3. Use the Quadratic Formula to solve

$$3 x^2 - 4 x - 2 = 0.$$

$$x = \dfrac{4 \pm \sqrt{(-4)^2 - 4(3)(-2)}}{2 \cdot 3} = \dfrac{4 \pm \sqrt{40}}{6} = \dfrac{4 \pm 2 \sqrt{10}}{6} = \dfrac{2 \pm \sqrt{10}}{3}.\quad\halmos$$


4. Use the Quadratic Formula to solve

$$2 x^2 - 4 x + 13 = 0.$$

$$x = \dfrac{-(-4) \pm \sqrt{(4)^2 - 4(2)(13)}}{2 \cdot 2} = \dfrac{4 \pm \sqrt{16 - 104}}{4} = \dfrac{4 \pm \sqrt{-88}}{4} = \dfrac{4 \pm 2 i \sqrt{22}}{4} = \dfrac{2 \pm i \sqrt{22}}{2}.\quad\halmos$$


5. Use the Quadratic Formula to solve

$$2 x^2 + 6 x - 11 = 0.$$

$$x = \dfrac{-6 \pm \sqrt{6^2 - 4(2)(-11)}}{2 \cdot 2} = \dfrac{-6 \pm \sqrt{36 + 88}}{4} = \dfrac{-6 \pm \sqrt{124}}{4} = \dfrac{-6 \pm 2 \sqrt{31}}{4} = \dfrac{-3 \pm \sqrt{31}}{2}.\quad\halmos$$


6. For what values of k does the following quadratic have complex roots?

$$x^2 - 6 x + 3 k = 0.$$

The Quadratic Formula contains the square root expression $\sqrt{b^2 - 4 a c}$ . If $b^2 - 4 a c$ is negative, this will be a complex number.

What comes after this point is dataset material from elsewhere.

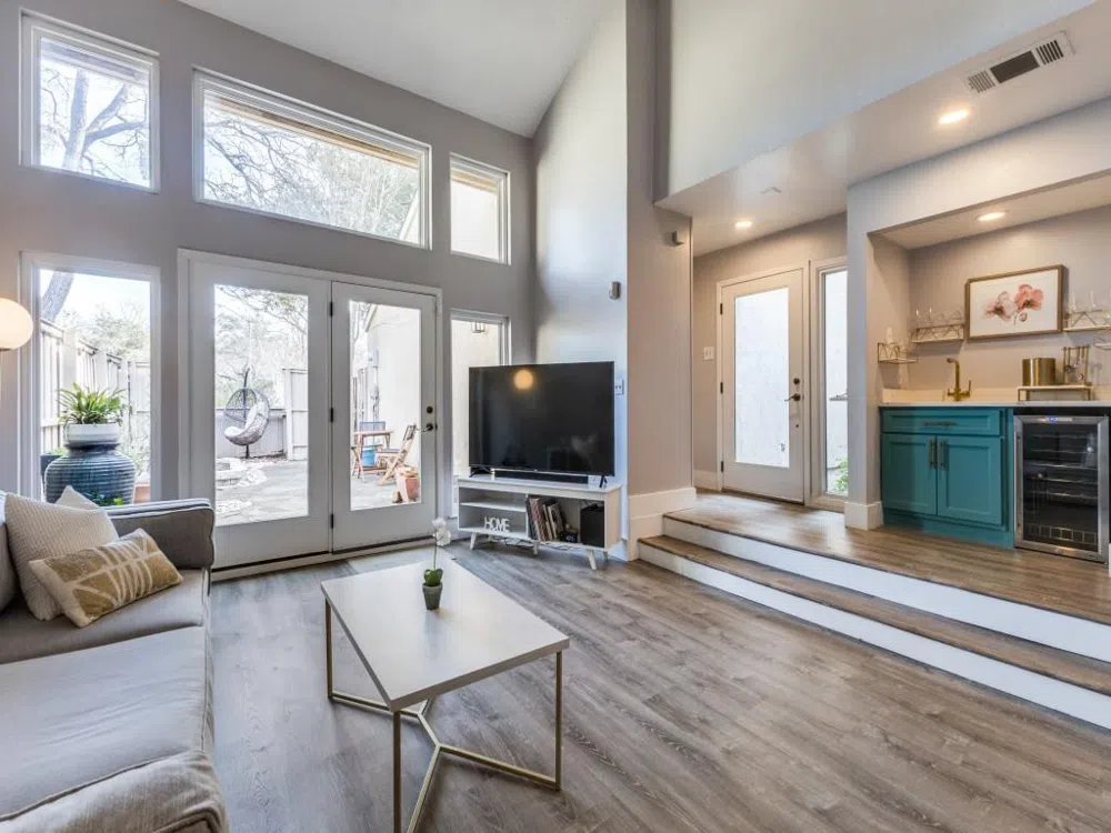Sophisticated, Chic, and Beautifully Updated – A True Gem in Lake Highlands! Welcome to the Patio Homes of Chimney Hill, a serene and picturesque community nestled in the northern Lake Highlands area. This charming neighborhood is tucked away amidst mature trees and offers a quiet, retreat-like atmosphere. This beautifully updated 1970s contemporary designed home is flooded with natural light, providing a sense of warmth and openness throughout. Step inside to discover an inviting open layout, highlighted by soaring vaulted ceilings, two wood-burning fireplaces, and elegant vinyl luxury plank flooring that spans the entire first floor. The spacious sunken living area features an impressive 20-foot plus vaulted ceiling, wet bar and a wall of windows and glass doors leading to a tranquil front courtyard. At the heart of the home is the fully updated kitchen, a true culinary haven. Quartz countertops with striking waterfall edge on the large island peninsula, abundant cabinetry, and ample counter space make this kitchen both functional and stylish. A large single-basin ceramic sink, designer pendant lighting, and a generous pantry round out the thoughtful design. The home offers flexible living spaces, including two guest bedrooms on the main level, and a third guest bedroom along with the spacious primary bedroom on the second level. The oversized primary bedroom easily accommodates a sitting area and is bathed in natural light, creating a serene and inviting retreat. Upstairs, a cozy loft living area with its own wood-burning fireplace is currently used as a fitness space but would also make a perfect home office or reading nook. The outdoor courtyards offer multiple areas to entertain family and friends in style, whether it’s for a casual gathering or special celebration. With a reasonable $220 monthly HOA fee that covers the community pool, and being served by the highly acclaimed RISD, this is a truly exceptional home in a prime location. Do not miss this one!

Hence, the quadratic $a x^2 + b
   x + c$ has complex roots when $b^2 - 4 a c < 0$ . For the given quadratic, this happens when

$$b^2 - 4 a c = (-6)^2 - 4(1)(3 k) < 0.$$

Simplify the inequality and solve:

$$\eqalign{ (-6)^2 - 4(1)(3 k) & < 0 \cr 36 - 12 k & < 0 \cr 36 & < 12 k \cr 3 & < k \cr}$$

The quadratic has complex roots for $k > 3$ .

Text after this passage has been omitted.